Work to be completed:
Restate every line of the data word for word, except for the images.

Recorded data:
-- Opening Marker --
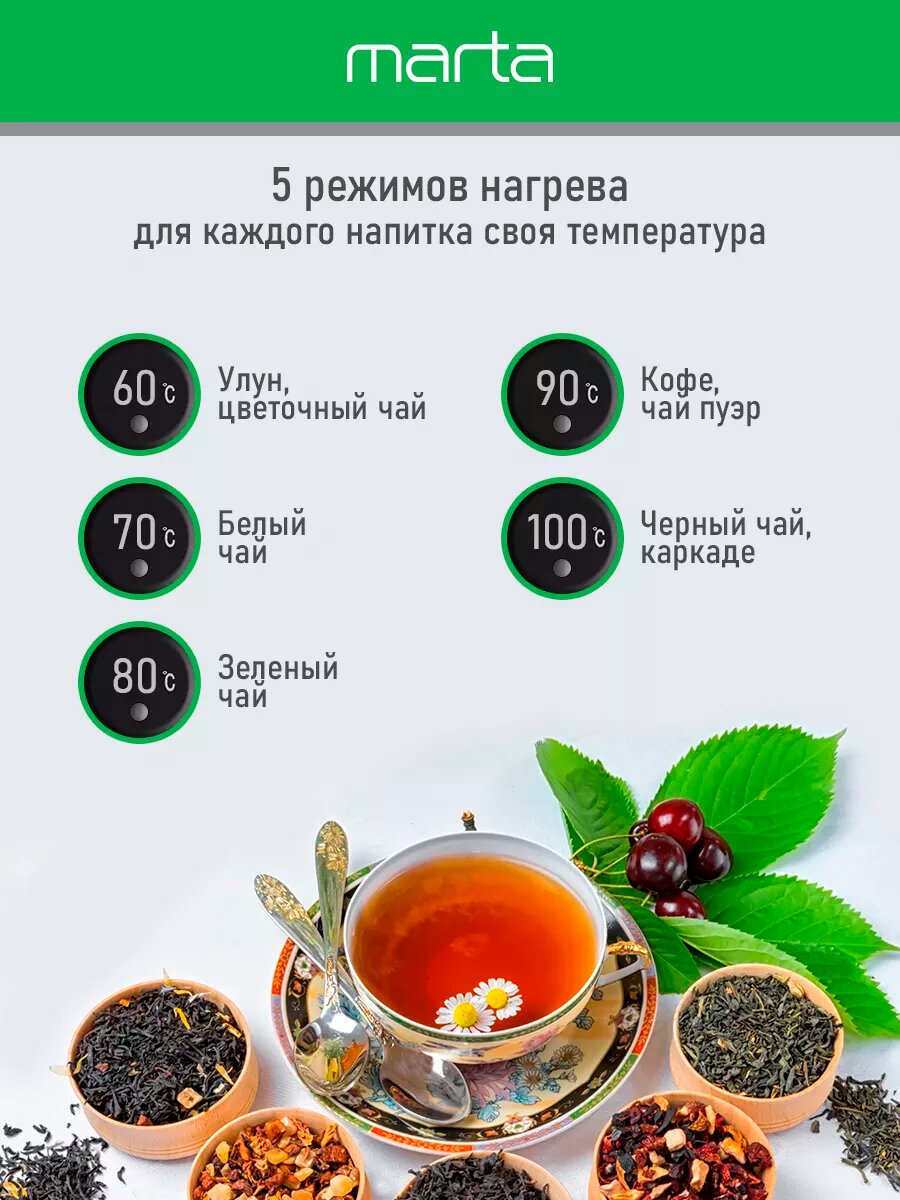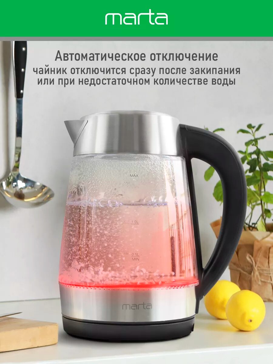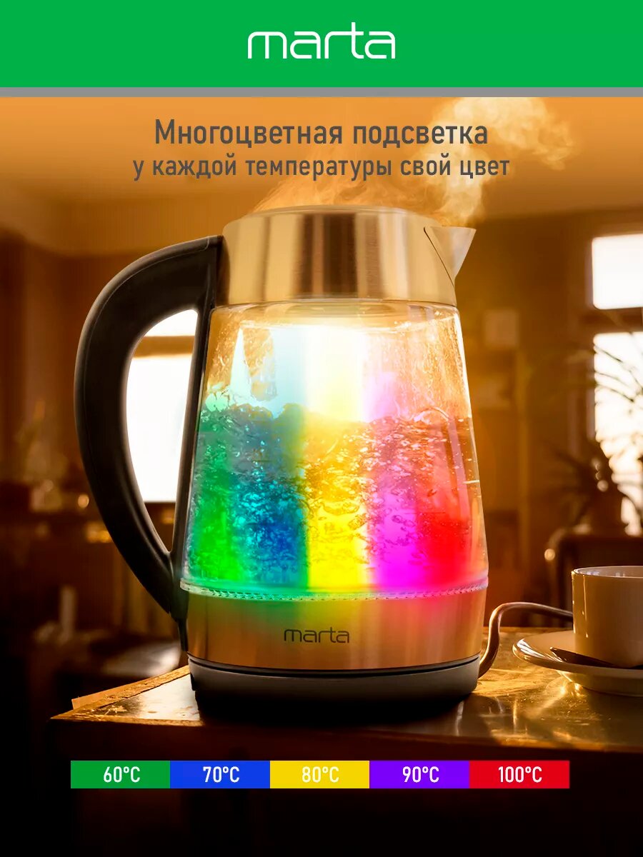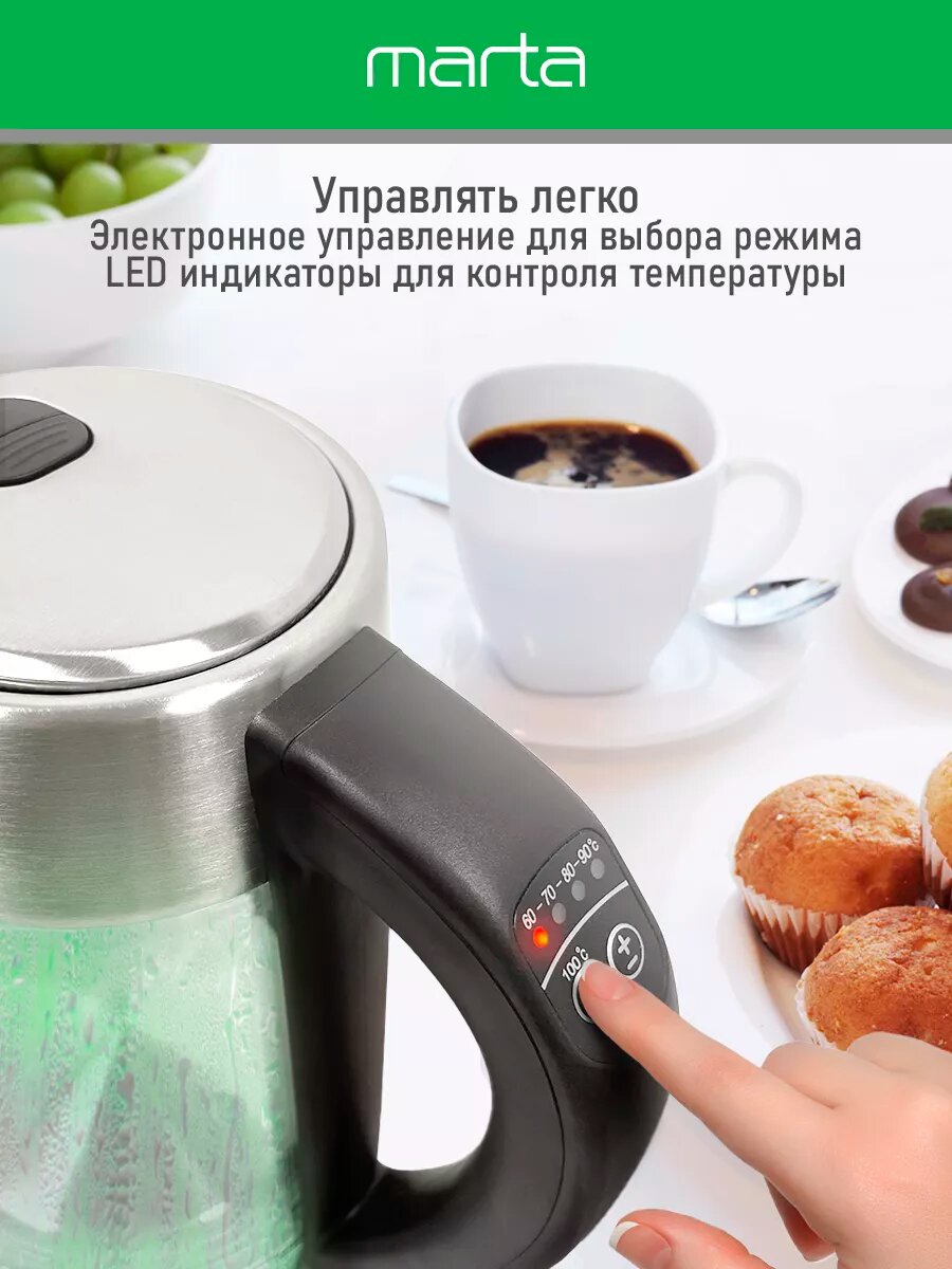 Электрический чайник MARTA MT-4611 черный с контролем температур, умный 1.8 л интересное:
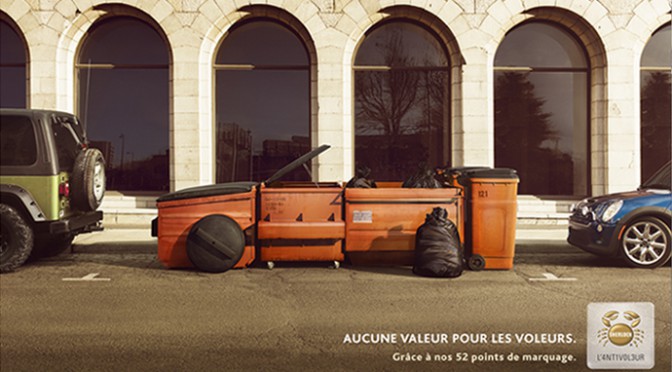 La publicité télé met en scène un bandit qui décide de changer de cible lorsqu’il aperçoit le crabe doré sur le véhicule qu’il s‘apprêtait à voler.
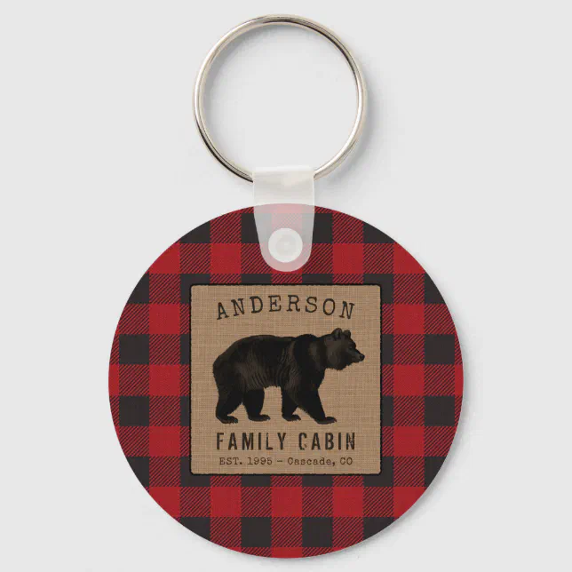 Rustic Bear Family Cabin Red Buffalo Plaid Round Keychain | Zazzle
-- Closing Marker --
Answer area:
 Электрический чайник MARTA MT-4611 черный с контролем температур, умный 1.8 л интересное:
 La publicité télé met en scène un bandit qui décide de changer de cible lorsqu’il aperçoit le crabe doré sur le véhicule qu’il s‘apprêtait à voler.
 Rustic Bear Family Cabin Red Buffalo Plaid Round Keychain | Zazzle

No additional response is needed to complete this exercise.